Phylograms revealed by PAUP from MP analyses of the rpb1 (a), rpb2 (b) and tef1 (c) matrices, showing the phylogenetic position of Stilbocrea walteri within Bionectriaceae. a One of two MP trees 2320 steps long; asterisk (*) denoting node that collapsed in the strict consensus of the two MP trees. b Single MP tree 2597 steps long. c Single MP tree 957 steps long. GenBank accession numbers of sequences are given following the taxon names; isolates in bold were sequenced during the present study. MP and ML bootstrap support above 50% are given at first and second position, respectively, above or below the branches

The downloaded GenBank sequences were aligned with the sequences generated in our study with the server version of MAFFT (www.ebi.ac.uk/Tools/mafft) using the default settings and checked and refined with BioEdit v. 7.0.9.0 (Hall 1999). The four matrices were analysed separately. The final matrices used for phylogenetic analyses contained 863, 750, 1072 and 951 alignment characters for the LSU, rpb1, rpb2 and tef1, respectively.

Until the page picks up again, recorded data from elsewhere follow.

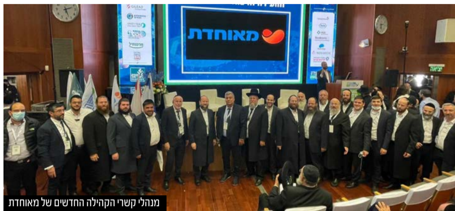
מנהלי קשרי הקהילה החדשים של מאוחדת
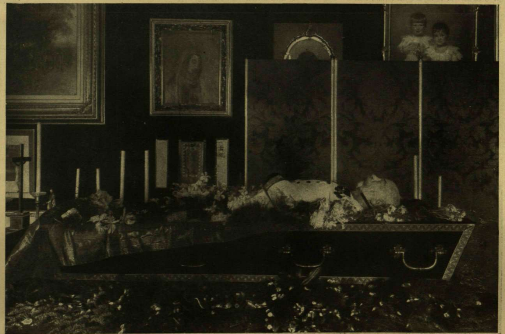
I. FERENCZ JÓZSEF HAVATALON SCHÖNBRUNNBAN.
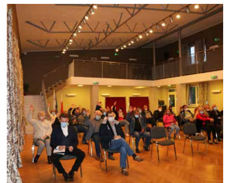
Głosowanie nad podziałem środków.

Warto również wspomnieć, że na zebraniu wiejskim w Strzyżowicach i Malinowicach odbyły się wybory uzupełniające do rad sołeckich. Red.
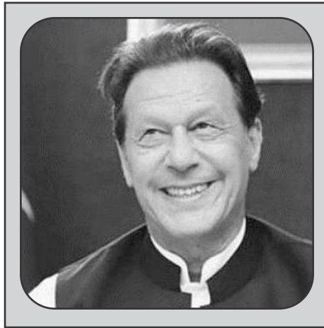
عمران خان سے ملاقات ہوئی ہے۔

کے قائدین سے بھی ملاقاتیں کرے گا اور سب کو ملکی معیشت کو بحران سے نکال کر ترقی کی راہ پر گامزن کرنے کیلئے میثاق معیشت کے معاہدے کیلئے رضامند کرنے کی کوشش کرے گا۔ چیئر آف کامرس کے سینئر رہنما سہیل الطاف کا عمران خان سے ملاقات کے بعد کہنا تھا کہ پاکستان تحریک انصاف کے سربراہ اور سابق وزیر اعظم سے راولپنڈی چیئر آف کامرس اینڈ انڈسٹری کے وفد کی ملاقات بہت مفید رہی ہے اور انکا میثاق معیشت پر دستخط کی رضامندی ظاہر کرنا تاجر برادری کیلئے انتہائی خوش آئند ہے۔ انہوں نے بتایا کہ عمران خان نے راولپنڈی چیئر آف کامرس اینڈ انڈسٹری کی جانب سے تیار کردہ میثاق معیشت پر دستخط کرنے پر رضامندی ظاہر کر دی ہے، اس کے علاوہ سابق وزیر اعظم نے پنجاب حکومت کی جانب سے انڈسٹریل زونز کیس اور رنگ روڈ منصوبے بارے پیشرفت پر بھی اتفاق کیا ہے۔
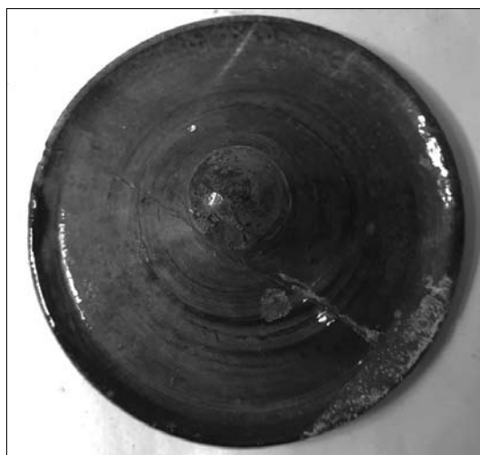
Іл. 22. Андрій Каліш. Накривка. Кінець XIX століття. Старий Санч. МЕХП
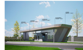
门房西北角透视图
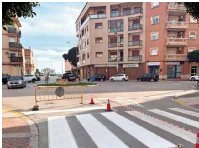
Los trabajos en la vía pública.

Estas actuaciones tienen como principal objetivo reforzar la seguridad de los peatones y facilitar una movilidad más ordenada y segura, contribuyendo al mismo tiempo a la mejora estética de las calles del municipio. Desde el consistorio destacan que este tipo de trabajos forman parte de una planifi-
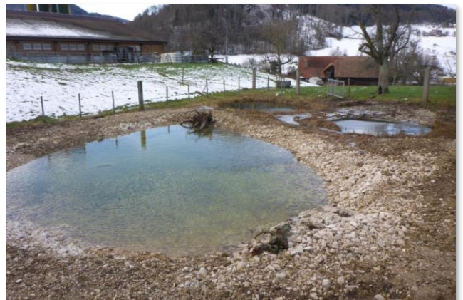
Der fertig sanierte und wieder aufgefüllte Weiher

Maximum parsimony (MP) analyses were performed with PAUP v. 4.0a161 (Swofford 2002), using 1000 replicates of heuristic search with random addition of sequences and subsequent TBR branch swapping (MULTREES option in effect, steepest descent option not in effect). All molecular characters were unordered and given equal weight; analyses were performed with gaps treated as missing data; the COLLAPSE command was set to MAXBRLEN. Bootstrap analysis with 1000 replicates was performed in the same way, but using 5 rounds of random sequence addition and subsequent TBR branch swapping during each bootstrap replicate, with the COLLAPSE command set to MINBRLEN; in addition, each replicate was limited to 1 million rearrangements in the LSU analyses. All molecular characters were unordered and given equal weight; analyses were performed with gaps treated as missing data; the COLLAPSE command was set to minbrlen.

Maximum likelihood (ML) analyses were performed with RAxML (Stamatakis 2006) as implemented in raxmlGUI 1.3 (Silvestro and Michalak 2012) using the ML + rapid bootstrap setting and the GTRGAMMA substitution model with 1000 bootstrap replicates.

Bootstrap support below 70% was considered low, between 70 and 90% moderate and above 90% high.

Results

Sequencing and molecular phylogeny

The ITS-LSU sequences obtained from the culture and the stromata of the newly described fungus were identical. Sequence similarity of the ITS of the newly described fungus and the newly sequenced Stilbocrea macrostoma accession from Panama (SM) was 83.5% (71 nucleotide substitutions and 14 gaps).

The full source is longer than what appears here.